Selecting Subsets of Data in Pandas: Part 2

Ted Petrou
Dunder Data
Published in
20 min readDec 8, 2017

--

Part Two: Boolean Indexing

This is part two of a four-part series on how to select subsets of data from a pandas DataFrame or Series. Pandas offers a wide variety of options for subset selection which necessitates multiple articles. This series is broken down into the following four topics.

  1. Selection with [], .loc and .iloc
  2. Boolean indexing
  3. Assigning subsets of data
  4. How NOT to select subsets of data

Learn More

Master Data Analysis with Python is an extremely comprehensive text with over 80 chapters, 500 exercises, and video lessons to help you become an expert.

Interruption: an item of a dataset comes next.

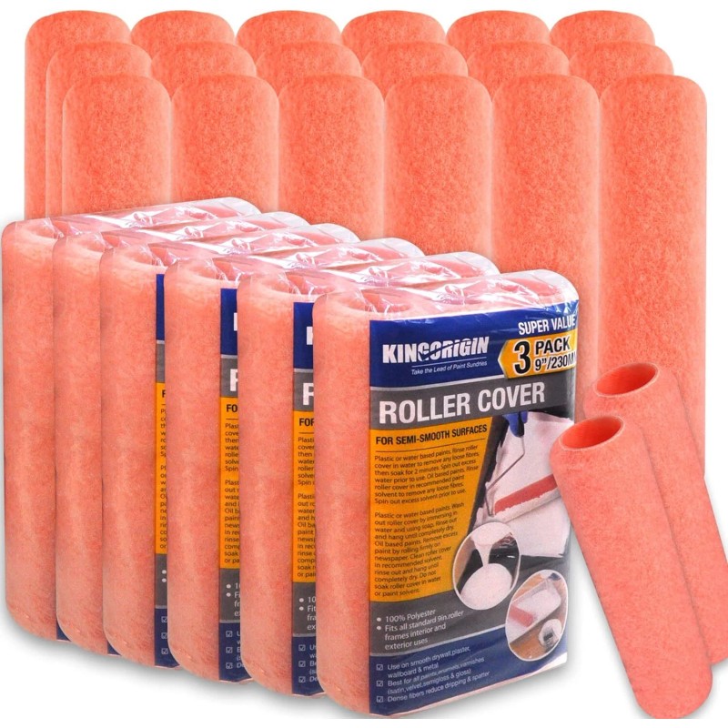 - The set includes 18 Piece 9-Inch roller covers with 3/8-inch nap,with 18 Paint Roller Covers per Pack (18-Pack) made of 100% Polyester Fabric, High-quality, and Heavy duty

Part 1 vs Part 2 subset selection

Part 1 of this series covered subset selection with [], .loc and .iloc. All three of these indexers use either the row/column labels or their integer location to make selections. The actual data of the Series/DataFrame is not used at all during the selection.

In Part 2 of this series, on boolean indexing, we will select subsets of data based on the actual values of the data in the Series/DataFrame and NOT on their row/column labels or integer locations.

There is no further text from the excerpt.